A man has to be really worthy – respectful, loving, decent and sophisticated to enjoy a woman’s culinary skills. Cooking and eating is an extension of good conversation, laughter and affection and those are things one enjoys with loved ones, and hence preparing a meal for someone is a significant act of love.

As a feminist, I still enjoy preparing meals contrary to false perceptions that women who proclaim to be feminists shun domestic duties. I however dislike the expectation aspect. I’m not a maid, so I shouldn’t be “expected” to cook, but do it because I want to, and can… 

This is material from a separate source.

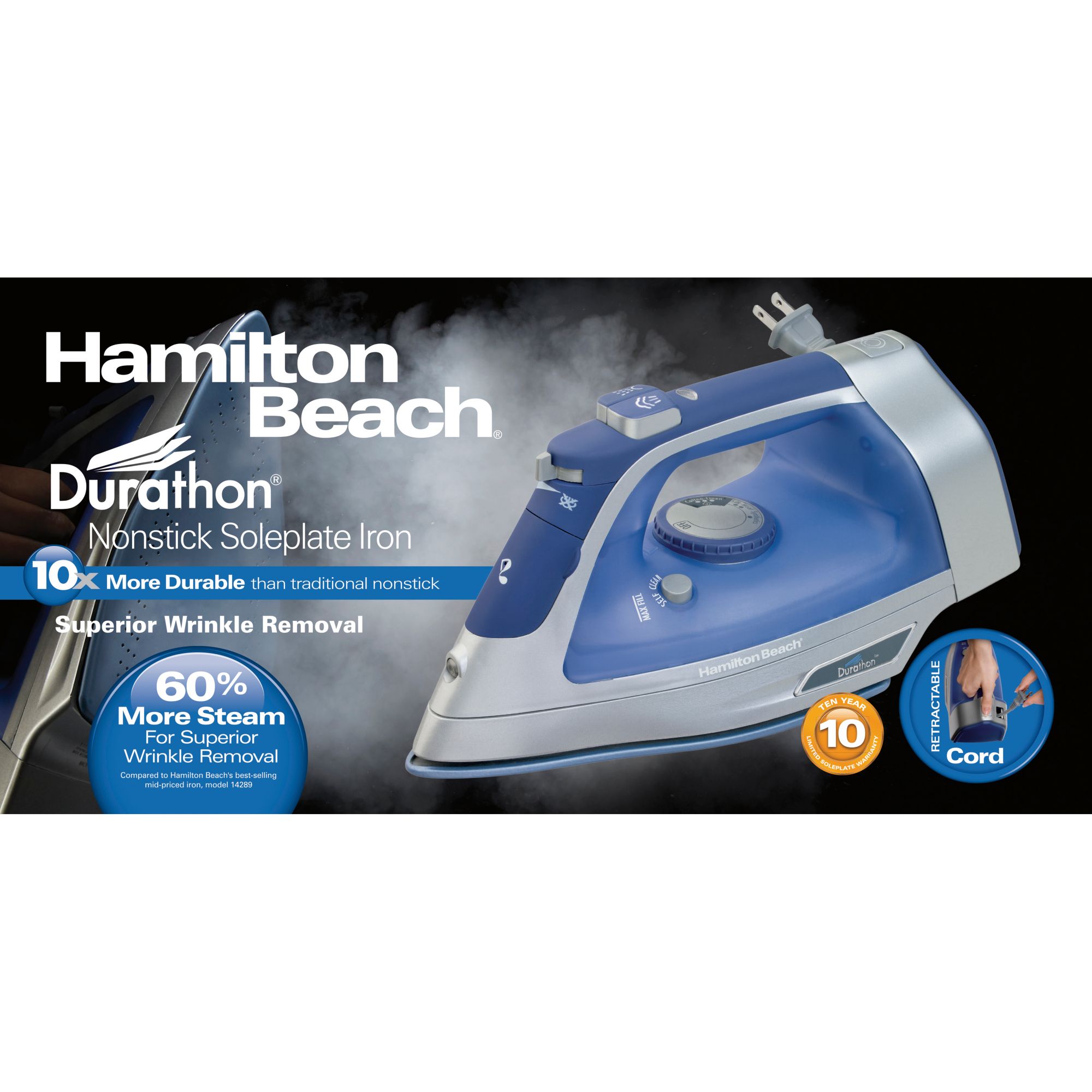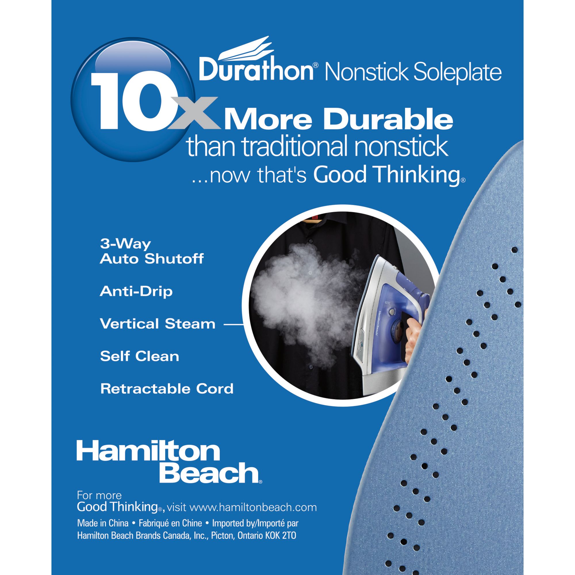 Remove wrinkles fast with the Hamilton Beach Durathon Nonstick Soleplate Iron. The Durathon nonstick soleplate is ten times more durable than traditional nonstick, gliding easily over fabrics while offering 60% more steam compared to Hamilton Beach's best-selling mid-priced iron for superior wrinkle removal. 10 X More Durable than Traditional Nonstick The long-lasting Durathon nonstick soleplate glides smoothly over clothes, is scratch-resistant and heats up quickly and evenly. Adjustable Steam, Spray, and Blast Iron dry or let the Steam, Spray, and Blast options help. The Steam function relaxes stubborn wrinkles by offering 60% more steam compared to Hamilton Beach's best-selling mid-priced iron (model 14289), while Blast offers a quick burst of steam right when you need it. The Spray option is ideal for pressing shirts and making perfectly crisp creases. Doubles As a Vertical Steamer The Hamilton Beach Durathon Nonstick Soleplate Iron makes refreshing clothes while they're still on the hanger easy. Continuous, adjustable steam relaxes wrinkles, which works great for drapes, too. The 8' cord retracts back into this iron for neat, easy storage. 3-Way Auto Shutoff Have peace of mind knowing the iron will automatically power off after 30 seconds when placed on its soleplate or side and after 15 minutes when propped upright on its heel.

On the flipside, as much as cooking is one of the ways you can show someone that you care for them, does food really have the power to be the deciding factor of the future course of a relationship? I think a person has to like so many aspects of their love interest before falling in love.  Things like cooking could be the cherry on top, not the important aspect…

The adage that ‘cooking is a way to man’s heart’ reflects men in a negative light, as if feeding a guy all the time will make him “behave and be nice to you”. This statement is almost as ignorant and offensive as the one that, Men always have sex on their minds.  It’s also suggesting in a way that men are shallow and seek no real qualities in the women they wish to date, or spend their lives with, except her cooking abilities. 

If we believe that this archaic adage is true, does it mean that the day the meal is not up to the mark, the man will shun his partner? Are you aware that there are many women who are married, but cannot cook never mind fry an egg? If food were of paramount importance to most men, then more women would be married, including the mmaseapei ladies littered across the city.